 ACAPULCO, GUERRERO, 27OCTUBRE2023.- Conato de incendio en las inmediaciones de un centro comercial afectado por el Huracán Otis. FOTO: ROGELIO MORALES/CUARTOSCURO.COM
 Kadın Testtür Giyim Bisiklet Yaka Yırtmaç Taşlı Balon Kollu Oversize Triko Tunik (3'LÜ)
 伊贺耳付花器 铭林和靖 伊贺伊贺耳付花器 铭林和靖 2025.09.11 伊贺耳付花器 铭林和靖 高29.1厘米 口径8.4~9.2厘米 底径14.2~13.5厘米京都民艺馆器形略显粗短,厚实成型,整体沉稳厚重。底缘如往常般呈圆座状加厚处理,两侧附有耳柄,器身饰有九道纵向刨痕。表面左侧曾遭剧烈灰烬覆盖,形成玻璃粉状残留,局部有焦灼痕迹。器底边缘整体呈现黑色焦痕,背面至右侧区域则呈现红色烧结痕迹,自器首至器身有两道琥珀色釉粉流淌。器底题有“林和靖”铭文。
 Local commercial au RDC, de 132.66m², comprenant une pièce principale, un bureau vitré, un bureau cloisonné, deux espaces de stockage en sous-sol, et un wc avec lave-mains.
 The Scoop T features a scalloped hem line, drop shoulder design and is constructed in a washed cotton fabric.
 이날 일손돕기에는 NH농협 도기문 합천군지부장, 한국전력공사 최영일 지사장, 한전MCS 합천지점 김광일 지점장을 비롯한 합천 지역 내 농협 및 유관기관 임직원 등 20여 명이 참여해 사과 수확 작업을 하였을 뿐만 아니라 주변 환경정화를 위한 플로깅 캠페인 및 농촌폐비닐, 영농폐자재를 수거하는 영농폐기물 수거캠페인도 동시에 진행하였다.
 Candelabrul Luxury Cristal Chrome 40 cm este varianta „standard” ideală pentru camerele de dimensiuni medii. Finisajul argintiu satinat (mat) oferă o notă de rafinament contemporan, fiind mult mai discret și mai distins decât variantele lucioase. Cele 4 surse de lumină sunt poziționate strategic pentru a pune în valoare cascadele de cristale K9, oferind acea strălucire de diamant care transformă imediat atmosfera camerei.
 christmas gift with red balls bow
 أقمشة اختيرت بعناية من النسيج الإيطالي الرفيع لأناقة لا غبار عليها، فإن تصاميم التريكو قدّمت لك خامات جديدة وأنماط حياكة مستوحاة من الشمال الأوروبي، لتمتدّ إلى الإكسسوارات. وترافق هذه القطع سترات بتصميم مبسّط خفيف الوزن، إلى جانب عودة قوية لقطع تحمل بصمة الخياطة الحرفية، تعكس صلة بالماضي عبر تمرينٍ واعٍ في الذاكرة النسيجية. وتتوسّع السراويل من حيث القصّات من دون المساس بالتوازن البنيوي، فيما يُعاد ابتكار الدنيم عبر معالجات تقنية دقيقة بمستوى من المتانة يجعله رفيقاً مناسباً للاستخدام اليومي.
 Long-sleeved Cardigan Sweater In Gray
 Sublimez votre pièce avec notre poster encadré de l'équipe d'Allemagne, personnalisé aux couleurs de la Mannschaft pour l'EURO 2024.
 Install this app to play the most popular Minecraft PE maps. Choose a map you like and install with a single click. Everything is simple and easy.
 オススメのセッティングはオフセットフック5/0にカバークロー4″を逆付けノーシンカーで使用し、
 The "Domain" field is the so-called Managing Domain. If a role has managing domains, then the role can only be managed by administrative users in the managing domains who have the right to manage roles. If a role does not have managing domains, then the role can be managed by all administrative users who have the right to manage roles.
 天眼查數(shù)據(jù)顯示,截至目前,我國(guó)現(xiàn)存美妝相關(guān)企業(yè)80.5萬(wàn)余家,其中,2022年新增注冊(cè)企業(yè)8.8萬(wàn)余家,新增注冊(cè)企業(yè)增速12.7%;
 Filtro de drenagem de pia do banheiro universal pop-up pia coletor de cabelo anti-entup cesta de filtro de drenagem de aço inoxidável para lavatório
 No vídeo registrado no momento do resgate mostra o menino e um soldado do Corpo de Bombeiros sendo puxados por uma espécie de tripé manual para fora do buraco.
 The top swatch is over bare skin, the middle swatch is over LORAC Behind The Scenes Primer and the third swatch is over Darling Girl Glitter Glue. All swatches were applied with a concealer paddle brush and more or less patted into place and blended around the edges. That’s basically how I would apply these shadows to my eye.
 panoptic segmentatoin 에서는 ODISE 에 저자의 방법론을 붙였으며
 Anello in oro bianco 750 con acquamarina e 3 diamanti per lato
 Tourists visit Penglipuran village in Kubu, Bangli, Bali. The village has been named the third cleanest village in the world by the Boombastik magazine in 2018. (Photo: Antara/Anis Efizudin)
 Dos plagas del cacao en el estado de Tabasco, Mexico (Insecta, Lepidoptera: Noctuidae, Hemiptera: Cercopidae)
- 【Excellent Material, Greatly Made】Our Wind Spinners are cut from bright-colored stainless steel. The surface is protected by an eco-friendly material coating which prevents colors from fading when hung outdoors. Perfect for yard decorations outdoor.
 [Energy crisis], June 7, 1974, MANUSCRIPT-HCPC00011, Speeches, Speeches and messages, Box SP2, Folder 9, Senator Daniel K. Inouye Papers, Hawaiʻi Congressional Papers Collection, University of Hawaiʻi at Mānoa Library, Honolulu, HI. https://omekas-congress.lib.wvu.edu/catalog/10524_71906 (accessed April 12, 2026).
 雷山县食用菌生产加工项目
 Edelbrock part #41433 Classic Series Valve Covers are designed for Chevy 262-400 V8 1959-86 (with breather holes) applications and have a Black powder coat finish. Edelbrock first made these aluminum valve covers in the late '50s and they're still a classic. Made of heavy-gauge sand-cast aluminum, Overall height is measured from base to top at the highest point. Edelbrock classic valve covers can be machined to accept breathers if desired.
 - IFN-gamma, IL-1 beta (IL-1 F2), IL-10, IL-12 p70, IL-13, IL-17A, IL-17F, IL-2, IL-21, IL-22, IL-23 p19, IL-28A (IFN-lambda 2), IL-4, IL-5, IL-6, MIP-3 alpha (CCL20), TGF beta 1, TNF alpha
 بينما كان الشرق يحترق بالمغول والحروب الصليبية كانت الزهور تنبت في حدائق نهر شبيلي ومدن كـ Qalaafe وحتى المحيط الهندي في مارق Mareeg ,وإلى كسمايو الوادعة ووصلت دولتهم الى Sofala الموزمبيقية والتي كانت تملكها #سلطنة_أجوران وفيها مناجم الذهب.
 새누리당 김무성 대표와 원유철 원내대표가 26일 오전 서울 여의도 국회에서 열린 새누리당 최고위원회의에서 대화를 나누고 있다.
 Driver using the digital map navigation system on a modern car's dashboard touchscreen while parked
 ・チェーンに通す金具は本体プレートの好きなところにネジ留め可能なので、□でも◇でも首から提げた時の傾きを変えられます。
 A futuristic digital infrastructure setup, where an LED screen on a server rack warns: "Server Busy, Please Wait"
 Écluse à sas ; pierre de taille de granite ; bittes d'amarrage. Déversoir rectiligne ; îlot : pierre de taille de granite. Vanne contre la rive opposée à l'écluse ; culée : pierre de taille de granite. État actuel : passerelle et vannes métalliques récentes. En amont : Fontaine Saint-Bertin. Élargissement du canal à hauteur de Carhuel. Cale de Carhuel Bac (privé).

#### [INSTRUCTIONS TO FOLLOW]
Write out exactly the lines from the start of the material through the line with "Kadın Testtür Giyim". No other output is expected.

#### [ANSWER TO THIS PROBLEM]
 ACAPULCO, GUERRERO, 27OCTUBRE2023.- Conato de incendio en las inmediaciones de un centro comercial afectado por el Huracán Otis. FOTO: ROGELIO MORALES/CUARTOSCURO.COM
 Kadın Testtür Giyim Bisiklet Yaka Yırtmaç Taşlı Balon Kollu Oversize Triko Tunik (3'LÜ)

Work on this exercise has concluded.